What the task requires:
Make a verbatim copy of the entries below; pictures stay out.

Data for processing:

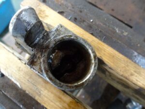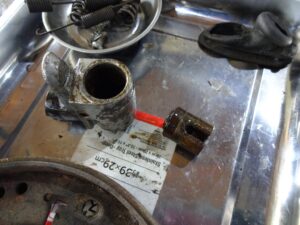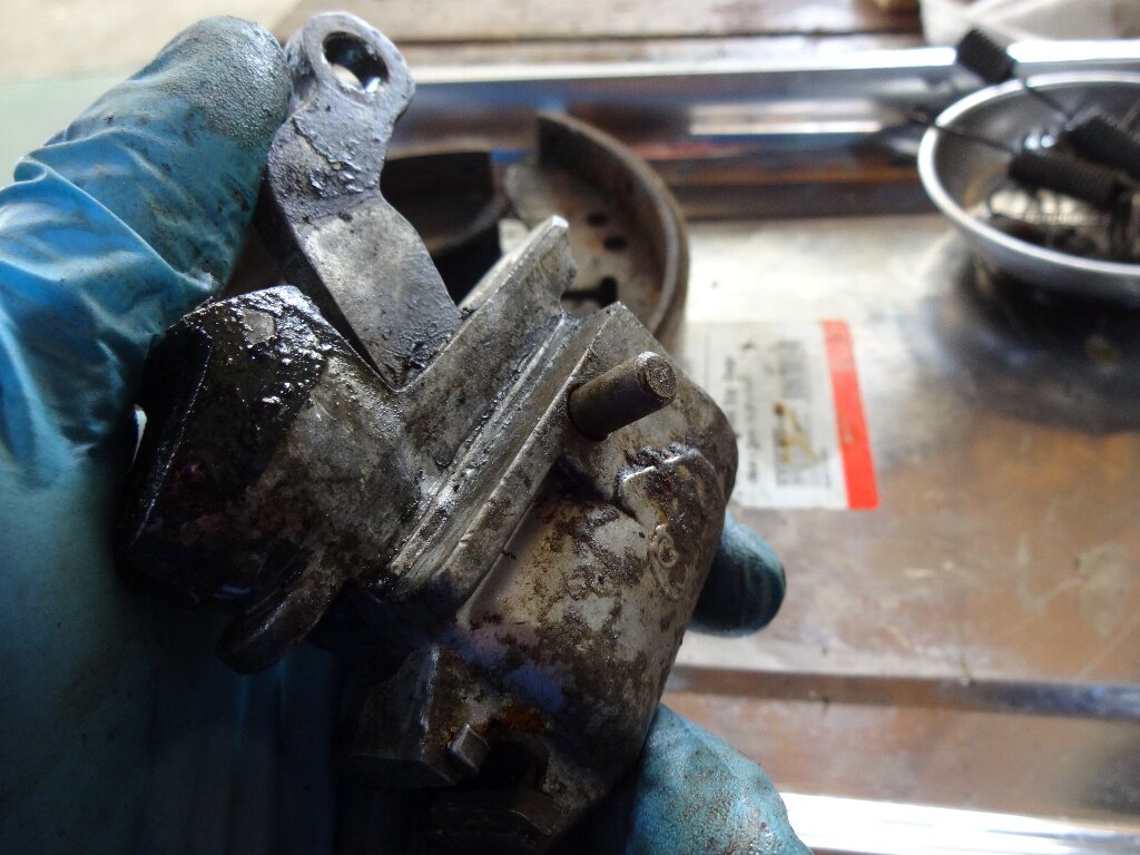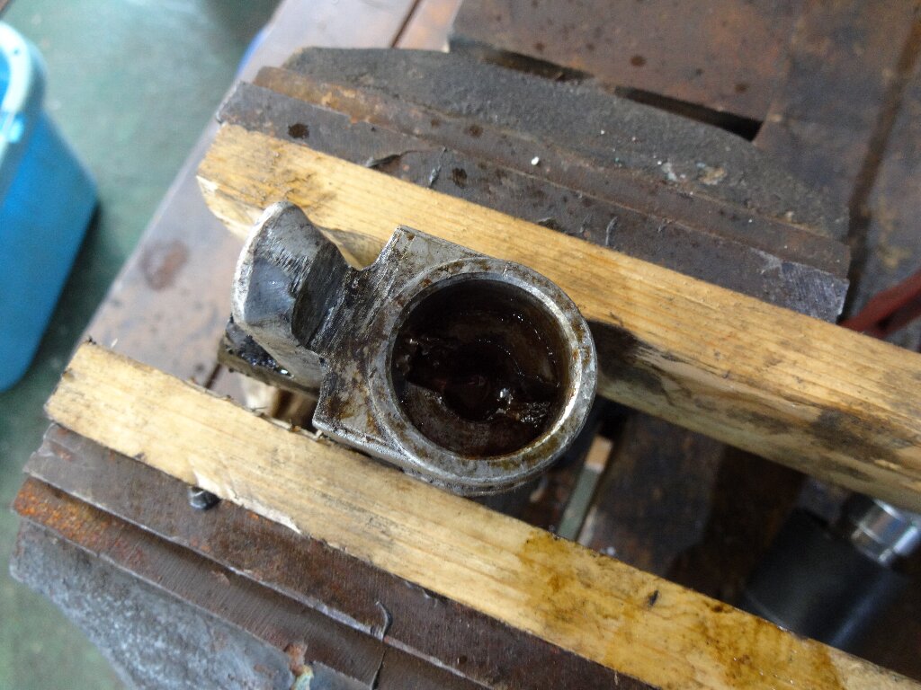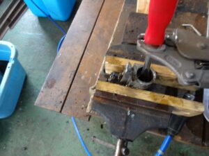 さて、このメリ込んだピストンをどうやって引き抜こうか?思案します。よくあるホイールシリンダーは両側にピストン付いてるんで、片側から押せば抜けるのですが、このホイールシリンダーは片側ピストンなので押せないのよね、、、
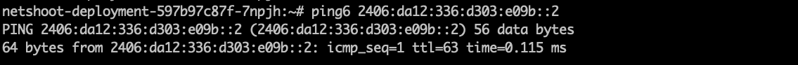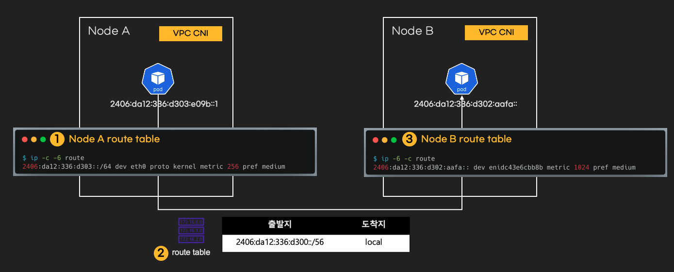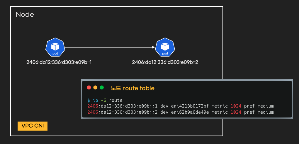 예를 들어 e09b::1 IPv6 IP를 갖는 pod가 e09b::2 pod와 통신할 때, 노드 route table을 참조하여 pod간 통신을 합니다.
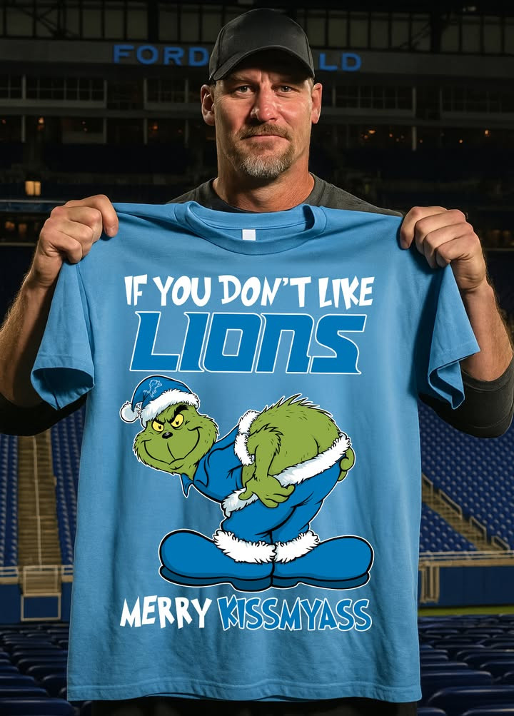 Detroit Lions Grinch Merry Kiss My Ass Christmas T-Shirt Best Gift For Football Fans.
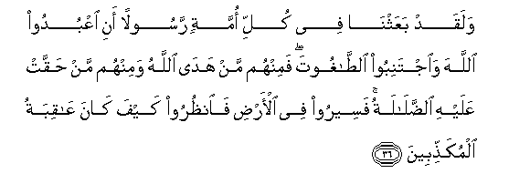 36. Walaqad baAAathna fee kulli ommatin rasoolan ani oAAbudoo Allaha waijtaniboo alttaghoota faminhum man hada Allahu waminhum man haqqat AAalayhi alddalalatu faseeroo fee al-ardi faonthuroo kayfa kana AAaqibatu almukaththibeena
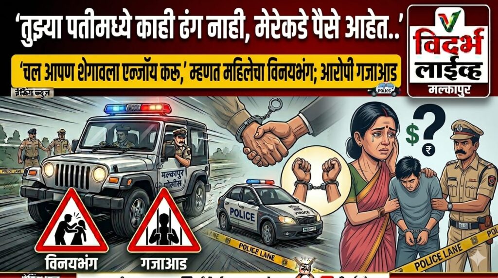 शेगाव : पतीसोबत उपचारासाठी आलेल्या महिलेचा रस्त्यात अश्लील प्रस्ताव देत विनयभंग केल्याची धक्कादायक घटना शेगाव ग्रामीण पोलीस स्टेशन हद्दीत घडली. ‘तुझ्या पतीमध्ये काही ढंग नाही, माझ्याकडे पैसे आहेत… चल आपण शेगावला एन्जॉय करू’ असे म्हणत आरोपीने महिलेचा हात पकडून गैरवर्तन केले. या प्रकरणी पोलिसांनी तात्काळ कारवाई करत आरोपीला अटक केली असून न्यायालयीन कोठडी सुनावण्यात आली…
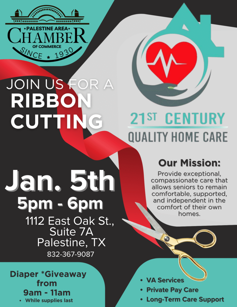 Weβre excited to invite our community to the Ribbon Cutting Ceremony of 21st Century Quality Home Care, proudly in partnership with the Palestine Area Chamber of Commerce.
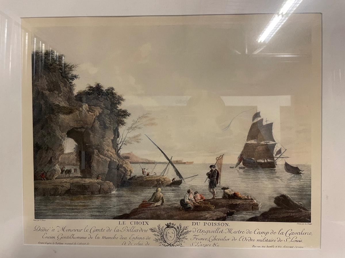 INV #126: French Le Choix du Poisson lithograph, Joseph Vernet H 13.5" x W 17.5"
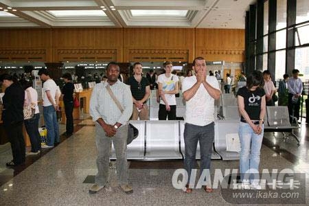 14时28分,北京市公安局出入境管理签证大厅内,所有前来办证的中外人员及民警全部起立,为在地震中丧生的人们默哀三分钟。不少外国友人在默哀时为中国人祈祷,还有外国友人流下了热泪。
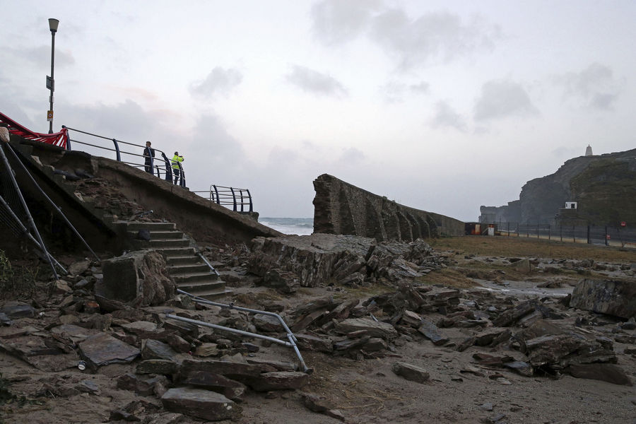 Много високи приливни вълни предизвикаха частично срутване на пристанищна стена в графство Корнуол, Югозападна Великобритания.

Written solution:
 さて、このメリ込んだピストンをどうやって引き抜こうか?思案します。よくあるホイールシリンダーは両側にピストン付いてるんで、片側から押せば抜けるのですが、このホイールシリンダーは片側ピストンなので押せないのよね、、、
 예를 들어 e09b::1 IPv6 IP를 갖는 pod가 e09b::2 pod와 통신할 때, 노드 route table을 참조하여 pod간 통신을 합니다.
 Detroit Lions Grinch Merry Kiss My Ass Christmas T-Shirt Best Gift For Football Fans.
 36. Walaqad baAAathna fee kulli ommatin rasoolan ani oAAbudoo Allaha waijtaniboo alttaghoota faminhum man hada Allahu waminhum man haqqat AAalayhi alddalalatu faseeroo fee al-ardi faonthuroo kayfa kana AAaqibatu almukaththibeena
 शेगाव : पतीसोबत उपचारासाठी आलेल्या महिलेचा रस्त्यात अश्लील प्रस्ताव देत विनयभंग केल्याची धक्कादायक घटना शेगाव ग्रामीण पोलीस स्टेशन हद्दीत घडली. ‘तुझ्या पतीमध्ये काही ढंग नाही, माझ्याकडे पैसे आहेत… चल आपण शेगावला एन्जॉय करू’ असे म्हणत आरोपीने महिलेचा हात पकडून गैरवर्तन केले. या प्रकरणी पोलिसांनी तात्काळ कारवाई करत आरोपीला अटक केली असून न्यायालयीन कोठडी सुनावण्यात आली…
 Weβre excited to invite our community to the Ribbon Cutting Ceremony of 21st Century Quality Home Care, proudly in partnership with the Palestine Area Chamber of Commerce.
 INV #126: French Le Choix du Poisson lithograph, Joseph Vernet H 13.5" x W 17.5"
 14时28分,北京市公安局出入境管理签证大厅内,所有前来办证的中外人员及民警全部起立,为在地震中丧生的人们默哀三分钟。不少外国友人在默哀时为中国人祈祷,还有外国友人流下了热泪。
 Много високи приливни вълни предизвикаха частично срутване на пристанищна стена в графство Корнуол, Югозападна Великобритания.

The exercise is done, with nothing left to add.